Cut to today and Crane, who had seemingly succumbed to battle wounds, wakes up in a grave, struggles his way above ground and is nearly run over by a truck when he stumbles upon a nearby road. The road happens to lead to the bustling modern-day village of Sleepy Hollow.

Meanwhile, the battlefield destroyer faced by Crane is now a Headless Horseman marauding through the area around Sleepy Hollow, killing and beheading people, including – dammit – the grizzled sheriff played by Clancy Brown.

Although he is initially considered a lunatic because he maintains he was personally selected by Gen. George Washington to find and kill a mercenary who just might be one of the Four Horsemen of the Apocalypse, Crane (played by Tom Mison) works with deputy Abbie Mills (Nicole Beharie) to uncover the intentions of the modern-day occultists who brought the Headless Horseman back from the dead.

It turns out there are two competing covens of witches – one good, one eeeevil – who to this day are using magic and murder to put the Horseman into play in the game leading up to the end of the world. The McGuffin? The Horseman’s skull, which he’s seriously seeking.

“Sleepy Hollow” was created by Alex Kurtzman and Bob Orci, a couple of the writers behind the recent “Star Trek” movies as well as the cult favorite “Fringe.” John Cho, who plays Sulu in the new “Trek” films, is even around, at least briefly, as Abbie’s confidant.

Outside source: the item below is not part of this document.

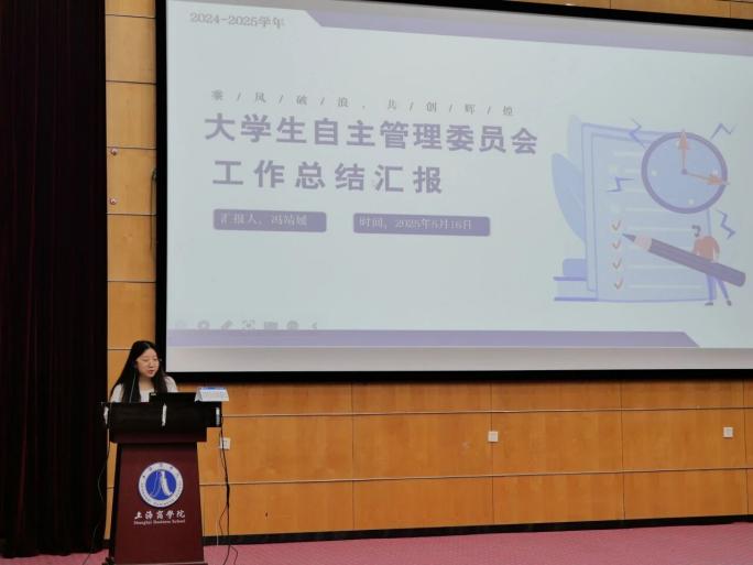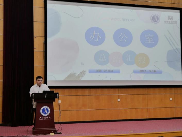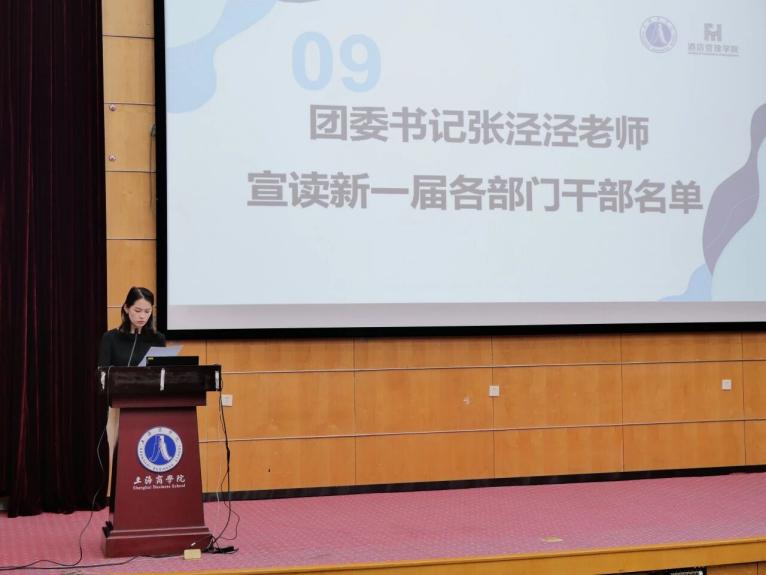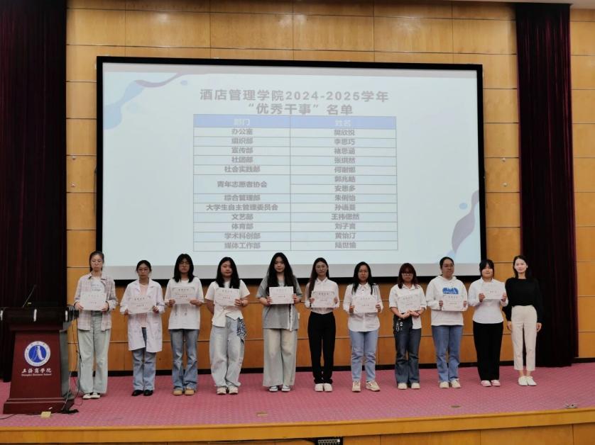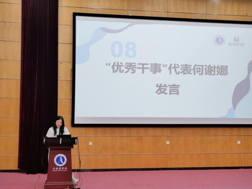 为持续深化酒店管理学院团委学生会组织建设,总结经验成果,表彰优秀成员,从而更高效地服务学院师生,上海商学院酒店管理学院2024-2025学年团委学生会总结大会于2025年5月16日在2号楼130报告厅隆重举行。酒店管理学院团委书记张泾泾老师、第十届团委学生兼职副书记屈天姿、学生会执行主席张琬若、学生会轮值主席孙雅鈮、主席团成员张若怡及全体团学成员共同参会,大会由团委办公室韩静蕾主持。

Mison has a nicely wry and humorous take on Crane, who is written as sarcastic as well as a fish out of water. Beharie is feisty and Orlando Jones is on hand, and dependable, as a police captain.

“Sleepy Hollow” – at least the pilot – was fun, if not overwhelming. There’s no moment where my “must watch this every week” response kicked in.

But … the climactic battle with the Horseman in a cemetery, a glimpse of their ultimate demonic foe – the series Big Bad – and a preview of a parade of demons in the episodes to come have me very nearly convinced that I’ll be checking out “Sleepy Hollow” each week.

Random observations:

Clancy Brown! But he has little more than a single scene, dammit.

The show has a nice ersatz Danny Elfman score. More reserved but still full of playful strings.

The skull in the glass jar made me think of “Futurama.”

The Headless Horseman is nicely done, with good effects and, smartly, no preference for old-timey weapons. Seeing a walking headless guy stalking our heroes with semi-automatic weapons was a pleasant surprise.